● **What you have to do**:
Your response should consist of the entries below, reproduced exactly and without their images.

● **Provided data**:
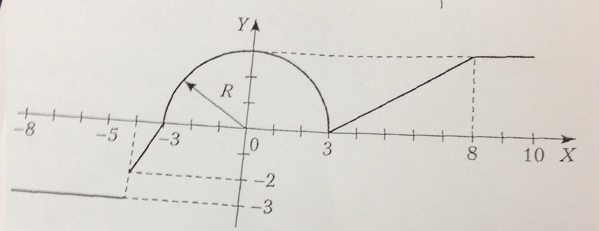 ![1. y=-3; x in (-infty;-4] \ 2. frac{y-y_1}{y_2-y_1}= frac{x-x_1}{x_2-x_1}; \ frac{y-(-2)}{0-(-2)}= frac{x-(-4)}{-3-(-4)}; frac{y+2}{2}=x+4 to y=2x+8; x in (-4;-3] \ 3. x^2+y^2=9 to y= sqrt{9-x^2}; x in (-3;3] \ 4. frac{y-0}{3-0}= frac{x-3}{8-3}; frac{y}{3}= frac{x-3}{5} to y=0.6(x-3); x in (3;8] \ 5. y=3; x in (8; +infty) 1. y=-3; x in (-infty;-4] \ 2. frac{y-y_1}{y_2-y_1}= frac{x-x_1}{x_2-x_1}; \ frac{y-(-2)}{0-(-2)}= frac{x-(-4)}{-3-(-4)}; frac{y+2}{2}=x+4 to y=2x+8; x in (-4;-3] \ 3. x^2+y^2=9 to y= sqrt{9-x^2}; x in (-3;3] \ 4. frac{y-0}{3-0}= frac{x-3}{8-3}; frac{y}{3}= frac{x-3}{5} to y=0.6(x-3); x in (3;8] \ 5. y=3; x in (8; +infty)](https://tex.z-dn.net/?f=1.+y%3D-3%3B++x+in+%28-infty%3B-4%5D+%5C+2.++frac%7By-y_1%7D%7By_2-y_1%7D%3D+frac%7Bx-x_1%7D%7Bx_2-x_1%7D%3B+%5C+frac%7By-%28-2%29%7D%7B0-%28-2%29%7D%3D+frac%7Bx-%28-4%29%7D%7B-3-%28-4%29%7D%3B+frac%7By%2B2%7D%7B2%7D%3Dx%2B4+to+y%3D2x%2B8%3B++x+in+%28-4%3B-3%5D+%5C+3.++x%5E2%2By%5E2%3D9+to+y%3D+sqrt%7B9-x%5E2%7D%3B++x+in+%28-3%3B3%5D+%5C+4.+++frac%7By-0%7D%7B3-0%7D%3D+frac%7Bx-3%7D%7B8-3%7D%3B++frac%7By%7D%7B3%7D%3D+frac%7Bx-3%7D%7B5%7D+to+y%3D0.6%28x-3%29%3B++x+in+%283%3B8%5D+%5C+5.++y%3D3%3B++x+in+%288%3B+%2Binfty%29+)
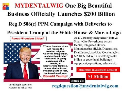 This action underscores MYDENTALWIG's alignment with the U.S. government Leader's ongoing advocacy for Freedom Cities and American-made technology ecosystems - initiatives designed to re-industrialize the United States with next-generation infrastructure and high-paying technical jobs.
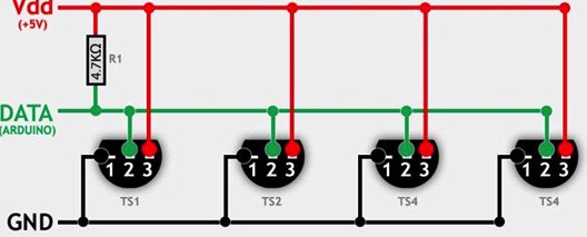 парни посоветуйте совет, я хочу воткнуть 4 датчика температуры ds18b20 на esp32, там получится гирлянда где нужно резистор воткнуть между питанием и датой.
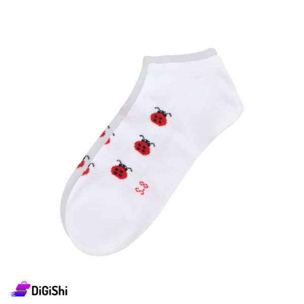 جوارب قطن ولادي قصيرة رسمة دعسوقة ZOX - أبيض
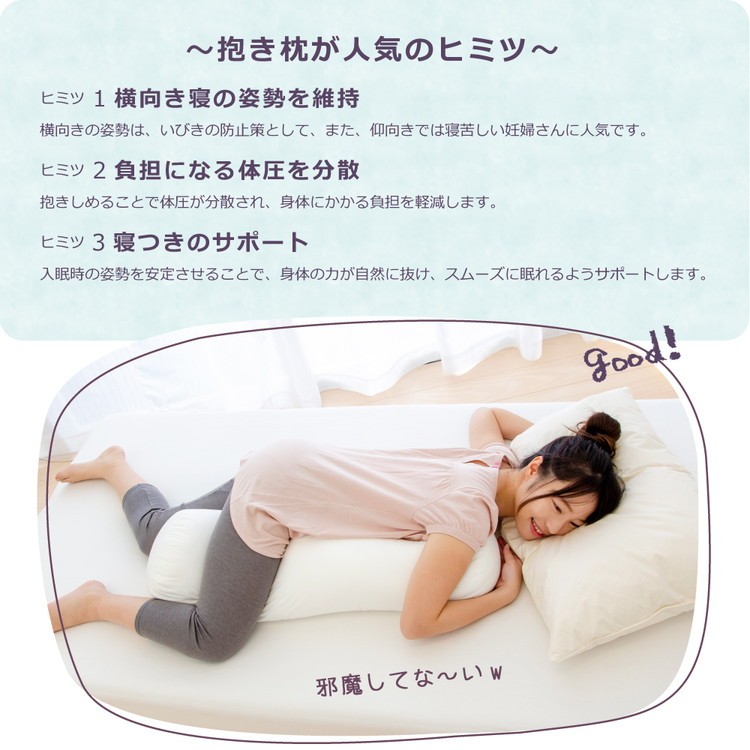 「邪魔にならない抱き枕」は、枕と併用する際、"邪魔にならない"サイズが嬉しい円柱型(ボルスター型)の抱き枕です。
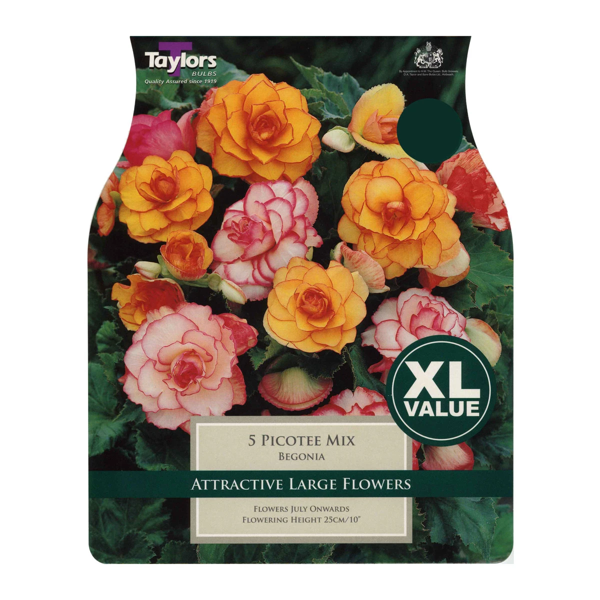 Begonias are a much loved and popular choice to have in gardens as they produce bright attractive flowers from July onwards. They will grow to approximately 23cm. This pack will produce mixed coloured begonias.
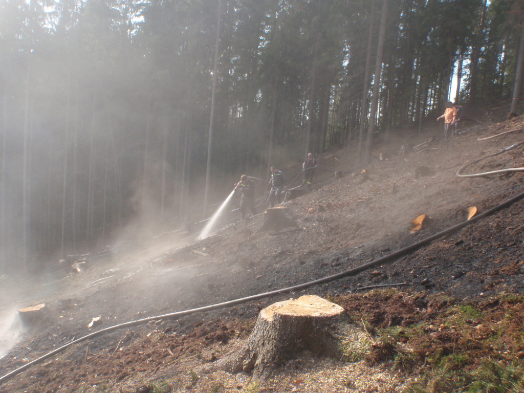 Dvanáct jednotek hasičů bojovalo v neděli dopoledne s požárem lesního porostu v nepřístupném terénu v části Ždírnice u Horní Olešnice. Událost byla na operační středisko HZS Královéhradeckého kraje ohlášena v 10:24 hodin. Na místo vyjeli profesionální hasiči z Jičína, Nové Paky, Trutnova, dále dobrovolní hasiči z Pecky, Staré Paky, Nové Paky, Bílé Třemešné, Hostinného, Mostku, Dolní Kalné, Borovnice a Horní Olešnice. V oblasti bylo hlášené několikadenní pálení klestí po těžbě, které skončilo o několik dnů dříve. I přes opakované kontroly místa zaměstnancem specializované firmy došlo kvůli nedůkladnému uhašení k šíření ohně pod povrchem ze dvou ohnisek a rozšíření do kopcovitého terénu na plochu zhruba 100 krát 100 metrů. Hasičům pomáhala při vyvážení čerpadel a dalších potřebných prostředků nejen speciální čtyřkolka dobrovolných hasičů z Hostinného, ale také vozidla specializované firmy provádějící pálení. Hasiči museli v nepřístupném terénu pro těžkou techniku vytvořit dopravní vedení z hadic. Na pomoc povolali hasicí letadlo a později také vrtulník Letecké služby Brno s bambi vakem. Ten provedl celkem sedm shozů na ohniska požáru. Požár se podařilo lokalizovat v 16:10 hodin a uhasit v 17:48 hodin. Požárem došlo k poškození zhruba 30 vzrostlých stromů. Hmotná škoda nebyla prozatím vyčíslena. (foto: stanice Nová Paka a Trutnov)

● **Task response**:
 ![1. y=-3; x in (-infty;-4] \ 2. frac{y-y_1}{y_2-y_1}= frac{x-x_1}{x_2-x_1}; \ frac{y-(-2)}{0-(-2)}= frac{x-(-4)}{-3-(-4)}; frac{y+2}{2}=x+4 to y=2x+8; x in (-4;-3] \ 3. x^2+y^2=9 to y= sqrt{9-x^2}; x in (-3;3] \ 4. frac{y-0}{3-0}= frac{x-3}{8-3}; frac{y}{3}= frac{x-3}{5} to y=0.6(x-3); x in (3;8] \ 5. y=3; x in (8; +infty) 1. y=-3; x in (-infty;-4] \ 2. frac{y-y_1}{y_2-y_1}= frac{x-x_1}{x_2-x_1}; \ frac{y-(-2)}{0-(-2)}= frac{x-(-4)}{-3-(-4)}; frac{y+2}{2}=x+4 to y=2x+8; x in (-4;-3] \ 3. x^2+y^2=9 to y= sqrt{9-x^2}; x in (-3;3] \ 4. frac{y-0}{3-0}= frac{x-3}{8-3}; frac{y}{3}= frac{x-3}{5} to y=0.6(x-3); x in (3;8] \ 5. y=3; x in (8; +infty)](https://tex.z-dn.net/?f=1.+y%3D-3%3B++x+in+%28-infty%3B-4%5D+%5C+2.++frac%7By-y_1%7D%7By_2-y_1%7D%3D+frac%7Bx-x_1%7D%7Bx_2-x_1%7D%3B+%5C+frac%7By-%28-2%29%7D%7B0-%28-2%29%7D%3D+frac%7Bx-%28-4%29%7D%7B-3-%28-4%29%7D%3B+frac%7By%2B2%7D%7B2%7D%3Dx%2B4+to+y%3D2x%2B8%3B++x+in+%28-4%3B-3%5D+%5C+3.++x%5E2%2By%5E2%3D9+to+y%3D+sqrt%7B9-x%5E2%7D%3B++x+in+%28-3%3B3%5D+%5C+4.+++frac%7By-0%7D%7B3-0%7D%3D+frac%7Bx-3%7D%7B8-3%7D%3B++frac%7By%7D%7B3%7D%3D+frac%7Bx-3%7D%7B5%7D+to+y%3D0.6%28x-3%29%3B++x+in+%283%3B8%5D+%5C+5.++y%3D3%3B++x+in+%288%3B+%2Binfty%29+)
 This action underscores MYDENTALWIG's alignment with the U.S. government Leader's ongoing advocacy for Freedom Cities and American-made technology ecosystems - initiatives designed to re-industrialize the United States with next-generation infrastructure and high-paying technical jobs.
 парни посоветуйте совет, я хочу воткнуть 4 датчика температуры ds18b20 на esp32, там получится гирлянда где нужно резистор воткнуть между питанием и датой.
 جوارب قطن ولادي قصيرة رسمة دعسوقة ZOX - أبيض
 「邪魔にならない抱き枕」は、枕と併用する際、"邪魔にならない"サイズが嬉しい円柱型(ボルスター型)の抱き枕です。
 Begonias are a much loved and popular choice to have in gardens as they produce bright attractive flowers from July onwards. They will grow to approximately 23cm. This pack will produce mixed coloured begonias.
 Dvanáct jednotek hasičů bojovalo v neděli dopoledne s požárem lesního porostu v nepřístupném terénu v části Ždírnice u Horní Olešnice. Událost byla na operační středisko HZS Královéhradeckého kraje ohlášena v 10:24 hodin. Na místo vyjeli profesionální hasiči z Jičína, Nové Paky, Trutnova, dále dobrovolní hasiči z Pecky, Staré Paky, Nové Paky, Bílé Třemešné, Hostinného, Mostku, Dolní Kalné, Borovnice a Horní Olešnice. V oblasti bylo hlášené několikadenní pálení klestí po těžbě, které skončilo o několik dnů dříve. I přes opakované kontroly místa zaměstnancem specializované firmy došlo kvůli nedůkladnému uhašení k šíření ohně pod povrchem ze dvou ohnisek a rozšíření do kopcovitého terénu na plochu zhruba 100 krát 100 metrů. Hasičům pomáhala při vyvážení čerpadel a dalších potřebných prostředků nejen speciální čtyřkolka dobrovolných hasičů z Hostinného, ale také vozidla specializované firmy provádějící pálení. Hasiči museli v nepřístupném terénu pro těžkou techniku vytvořit dopravní vedení z hadic. Na pomoc povolali hasicí letadlo a později také vrtulník Letecké služby Brno s bambi vakem. Ten provedl celkem sedm shozů na ohniska požáru. Požár se podařilo lokalizovat v 16:10 hodin a uhasit v 17:48 hodin. Požárem došlo k poškození zhruba 30 vzrostlých stromů. Hmotná škoda nebyla prozatím vyčíslena. (foto: stanice Nová Paka a Trutnov)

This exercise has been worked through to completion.